Associate Director, Homeland Security Policy Institute
The George Washington University

Email: mcaslc@gwumc.edu

 

 

 

 


As HSPI's Associate Director, Sharon helps lead the Institute’s policy, research, and education initiatives. She has served as principal or contributing author of numerous reports, articles, and testimonies on a range of homeland security issues including counter-radicalization, WMD terrorism, cybersecurity, emergency preparedness and response, and homeland security curriculum development. Sharon acts as Senior Advisor to The George Washington University’s Center for Preparedness & Resilience, and manages HSPI’s Senior Fellows Program. She also currently serves as Preceptor for HSPI’s Presidential Administrative Fellow.
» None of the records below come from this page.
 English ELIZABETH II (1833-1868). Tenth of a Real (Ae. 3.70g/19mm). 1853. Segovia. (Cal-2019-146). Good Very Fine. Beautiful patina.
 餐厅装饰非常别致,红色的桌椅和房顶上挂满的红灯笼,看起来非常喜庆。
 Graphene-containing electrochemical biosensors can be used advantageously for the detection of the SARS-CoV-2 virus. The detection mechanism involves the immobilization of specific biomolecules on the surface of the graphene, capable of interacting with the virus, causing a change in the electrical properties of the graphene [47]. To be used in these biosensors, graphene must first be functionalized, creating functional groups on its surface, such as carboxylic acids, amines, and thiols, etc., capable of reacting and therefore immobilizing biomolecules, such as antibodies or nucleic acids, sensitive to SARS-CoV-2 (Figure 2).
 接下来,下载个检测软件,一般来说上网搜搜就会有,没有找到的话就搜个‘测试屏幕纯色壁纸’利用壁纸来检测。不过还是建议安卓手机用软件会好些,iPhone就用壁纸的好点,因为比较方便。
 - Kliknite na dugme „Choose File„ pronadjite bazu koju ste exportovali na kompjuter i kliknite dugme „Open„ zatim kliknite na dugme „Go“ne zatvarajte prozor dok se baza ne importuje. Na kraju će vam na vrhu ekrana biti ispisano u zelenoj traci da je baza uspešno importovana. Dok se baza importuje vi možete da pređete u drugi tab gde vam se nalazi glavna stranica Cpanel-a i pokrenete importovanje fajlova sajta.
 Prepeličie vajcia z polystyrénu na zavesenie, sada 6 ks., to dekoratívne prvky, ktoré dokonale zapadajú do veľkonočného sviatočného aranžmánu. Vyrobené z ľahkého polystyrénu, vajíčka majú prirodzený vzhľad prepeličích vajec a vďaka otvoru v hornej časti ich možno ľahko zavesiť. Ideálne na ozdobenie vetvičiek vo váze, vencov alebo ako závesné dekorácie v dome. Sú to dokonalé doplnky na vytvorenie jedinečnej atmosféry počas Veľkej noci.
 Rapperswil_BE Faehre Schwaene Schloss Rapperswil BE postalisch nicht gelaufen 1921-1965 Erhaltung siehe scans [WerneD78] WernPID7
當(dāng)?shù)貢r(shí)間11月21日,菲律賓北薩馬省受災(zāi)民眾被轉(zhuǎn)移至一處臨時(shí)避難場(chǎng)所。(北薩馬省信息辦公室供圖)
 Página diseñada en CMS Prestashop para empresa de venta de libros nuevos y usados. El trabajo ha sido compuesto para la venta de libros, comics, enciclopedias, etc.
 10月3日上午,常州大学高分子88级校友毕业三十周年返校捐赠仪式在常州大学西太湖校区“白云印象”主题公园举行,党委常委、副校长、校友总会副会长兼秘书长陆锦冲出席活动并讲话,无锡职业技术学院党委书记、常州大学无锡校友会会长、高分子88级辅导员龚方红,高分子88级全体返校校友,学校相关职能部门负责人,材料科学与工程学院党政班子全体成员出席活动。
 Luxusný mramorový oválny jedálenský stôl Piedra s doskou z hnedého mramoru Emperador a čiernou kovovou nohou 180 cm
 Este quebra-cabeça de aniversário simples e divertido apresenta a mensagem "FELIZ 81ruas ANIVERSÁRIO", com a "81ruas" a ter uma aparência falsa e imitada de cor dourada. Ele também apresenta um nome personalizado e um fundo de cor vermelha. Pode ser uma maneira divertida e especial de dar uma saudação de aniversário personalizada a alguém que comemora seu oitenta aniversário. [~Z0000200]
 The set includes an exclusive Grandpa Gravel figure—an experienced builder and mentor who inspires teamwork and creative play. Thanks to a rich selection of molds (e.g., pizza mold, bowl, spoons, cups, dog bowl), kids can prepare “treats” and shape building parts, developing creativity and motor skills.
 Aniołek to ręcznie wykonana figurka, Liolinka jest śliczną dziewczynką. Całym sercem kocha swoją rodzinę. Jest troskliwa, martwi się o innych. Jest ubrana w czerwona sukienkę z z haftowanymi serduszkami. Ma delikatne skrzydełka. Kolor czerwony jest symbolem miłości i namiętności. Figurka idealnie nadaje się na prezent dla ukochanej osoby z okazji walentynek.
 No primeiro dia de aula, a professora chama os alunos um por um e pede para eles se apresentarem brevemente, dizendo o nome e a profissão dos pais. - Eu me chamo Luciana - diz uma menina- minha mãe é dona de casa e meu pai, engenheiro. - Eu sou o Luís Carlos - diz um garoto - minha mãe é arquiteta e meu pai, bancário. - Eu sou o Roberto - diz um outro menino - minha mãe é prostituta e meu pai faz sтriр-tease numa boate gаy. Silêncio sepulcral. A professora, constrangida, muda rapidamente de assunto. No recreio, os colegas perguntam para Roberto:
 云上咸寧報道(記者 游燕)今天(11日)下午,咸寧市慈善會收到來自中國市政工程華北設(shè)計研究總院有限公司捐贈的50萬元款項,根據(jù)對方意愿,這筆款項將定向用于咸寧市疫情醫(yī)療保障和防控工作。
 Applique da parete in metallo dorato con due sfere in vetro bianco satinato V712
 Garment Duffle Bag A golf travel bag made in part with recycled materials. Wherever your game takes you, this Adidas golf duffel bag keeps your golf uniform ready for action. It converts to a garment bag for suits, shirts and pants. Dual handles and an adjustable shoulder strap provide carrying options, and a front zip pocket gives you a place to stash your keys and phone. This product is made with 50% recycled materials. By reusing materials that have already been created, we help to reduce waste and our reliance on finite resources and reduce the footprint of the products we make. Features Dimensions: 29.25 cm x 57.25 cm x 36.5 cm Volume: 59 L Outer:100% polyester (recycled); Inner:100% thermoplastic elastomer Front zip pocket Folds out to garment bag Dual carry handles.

Prior to joining HSPI in 2005, Sharon served as security policy advisor to Canada’s Minister of Foreign Affairs. Her portfolio took her to a dozen countries in Europe and Asia, where she supported the Minister in bilateral and multilateral business including NATO. Her government experience spans work at the federal, provincial, and municipal levels, including Citizenship and Immigration Canada’s Strategic Information Unit; and Industry, Science and Technology Canada. Prior to 9/11, she spent two years in the non-profit sector, focusing on homeland defense issues, at the Center for Strategic & International Studies (CSIS) in Washington, DC.

Educated and trained in five countries and two languages, Sharon holds a law degree (J.D.) from the University of Toronto and a Master's degree in international relations from the University of Cambridge. She clerked for Justice Joseph T. Robertson, then of the Federal Court of Appeal of Canada. She also holds a Bachelor’s degree in international relations from the University of Toronto, where she was the recipient (co-winner) of the John H. Moss Scholarship for the best all-round student graduating from the Faculty of Arts and Science. She was a Rhodes Scholarship finalist in Ontario.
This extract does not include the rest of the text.